- What is expected: Going line by line through the records below, write out everything starting with the line containing "Una stampa d'arte" and going on through the line containing "Ropa Infantil Estilo", exactly and inclusively. Pictures do not go in.

- Provided entries:
+ + + + + + +

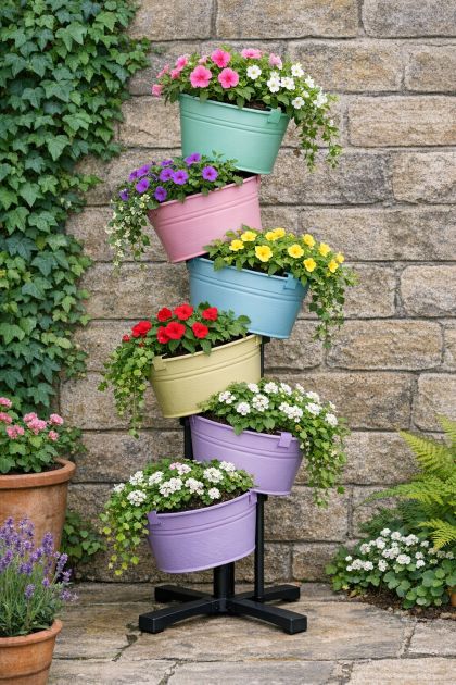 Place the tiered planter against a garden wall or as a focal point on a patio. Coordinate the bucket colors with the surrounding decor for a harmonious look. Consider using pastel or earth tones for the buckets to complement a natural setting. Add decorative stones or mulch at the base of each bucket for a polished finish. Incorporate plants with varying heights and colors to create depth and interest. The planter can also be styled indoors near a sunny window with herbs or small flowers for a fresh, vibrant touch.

+ + + + + + +

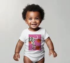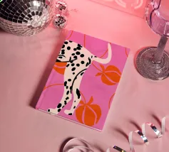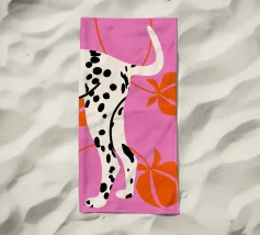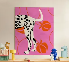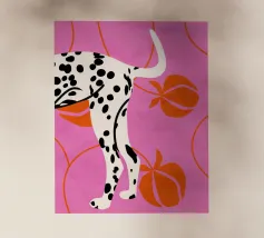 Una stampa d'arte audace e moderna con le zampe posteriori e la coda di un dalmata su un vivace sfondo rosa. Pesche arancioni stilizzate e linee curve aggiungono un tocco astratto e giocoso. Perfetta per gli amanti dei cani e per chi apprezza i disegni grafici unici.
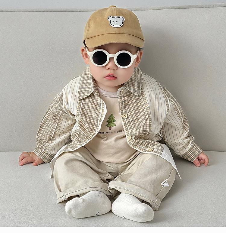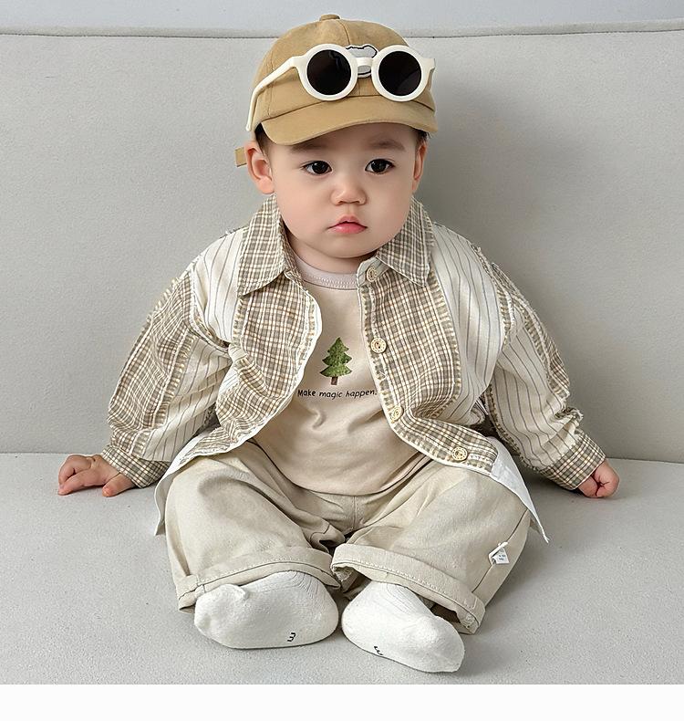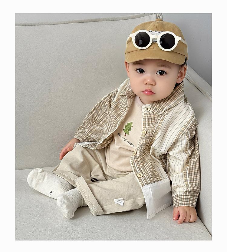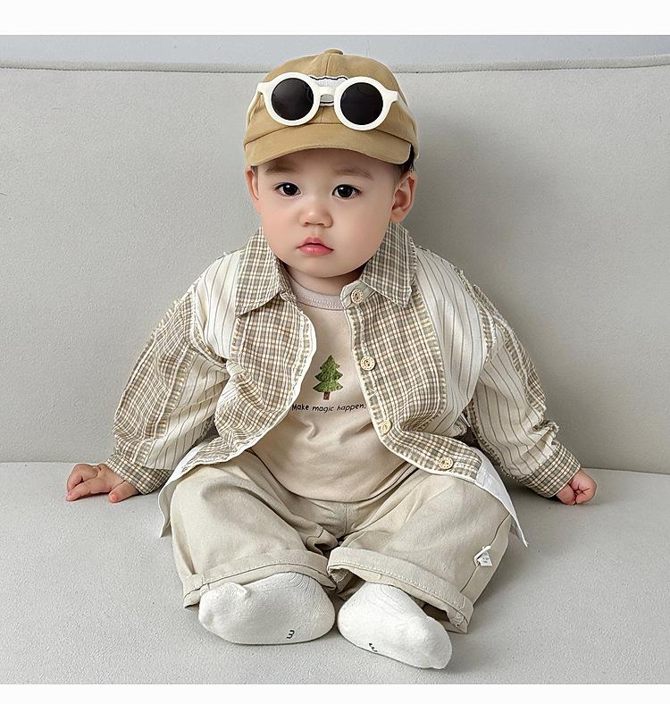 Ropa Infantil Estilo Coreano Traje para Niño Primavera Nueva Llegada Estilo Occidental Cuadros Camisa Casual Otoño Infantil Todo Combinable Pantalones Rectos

+ + + + + + +

- The answer:
 Una stampa d'arte audace e moderna con le zampe posteriori e la coda di un dalmata su un vivace sfondo rosa. Pesche arancioni stilizzate e linee curve aggiungono un tocco astratto e giocoso. Perfetta per gli amanti dei cani e per chi apprezza i disegni grafici unici.
 Ropa Infantil Estilo Coreano Traje para Niño Primavera Nueva Llegada Estilo Occidental Cuadros Camisa Casual Otoño Infantil Todo Combinable Pantalones Rectos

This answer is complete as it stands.